Hadoop Single Node installation on Windows 7

Question

Hadoop Single Node installation on Windows 7

I am new to hadoop and trying to get one install of Hadoop 0.20.2 on my Windows 7 machine.

My questions are doubled - one regarding the completeness of the installation itself, and the other - errors in the stage of reducing the sample program Word Count.

My installation steps are as follows:

I follow http://blog.benhall.me.uk/2011/01/installing-hadoop-0210-on-windows.html for the installation procedure.

I installed cygwin and configured ssh without password on my localhost My java version:

java version "1.7.0_02" Java(TM) SE Runtime Environment (build 1.7.0_02-b13) Java HotSpot(TM) 64-Bit Server VM (build 22.0-b10, mixed mode)

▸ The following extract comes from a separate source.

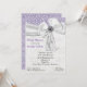Beautiful lavender and white coloured bridal shower invitation, with a white lace like design, over a ivory coloured background. A lavender background, with white lace overlay, at the top of the invitation and the reverse side. Graphics of a white ribbon and bow, at the top, is decorated with a pretty silver tone and amethyst like jewel. Personalise all the text to suit your special event. Lovely keepsake invitation the bride to be will love.
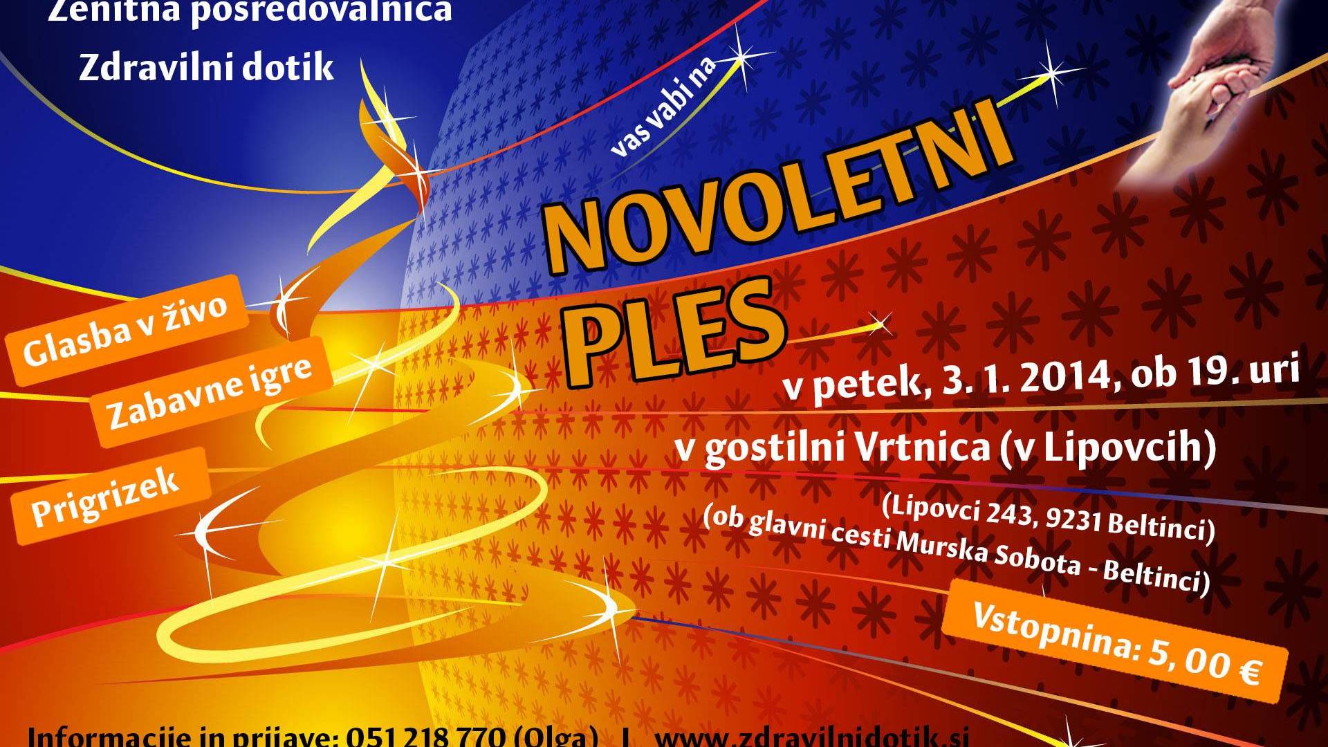 Gostilna Vrtnica LipovciŽenitna posredovalnica Zdravilni dotik vabi na Novoletni ples za samske, ki bo v petek, 3. 1. 2014 ob 19. uri, v gostilni Vrtnica v Lipovcih. Pridružite se nam v prvem novoletnem plesu, s katerim bomo vstopili v leto 2014.

The content of conf / core-site.xml:

 <configuration> <property> <name>fs.default.name</name> <value>hdfs://localhost:9000</value> </property> </configuration>

The content of conf / hdfs-site.xml:

 <configuration> <property> <name>dfs.replication</name> <value>1</value> </property> </configuration>

The content of conf / mapred-site.xml:

 <configuration> <property> <name>mapred.job.tracker</name> <value>localhost:9001</value> </property> </configuration>

I set the JAVA_HOME variable and the hadoop version command prints 0.20.2 hasoop namenode -format creates DFS without errors

start-all.sh prints that namenode, secondarynamenode, datanode, jobtracker and tasktracker are all started.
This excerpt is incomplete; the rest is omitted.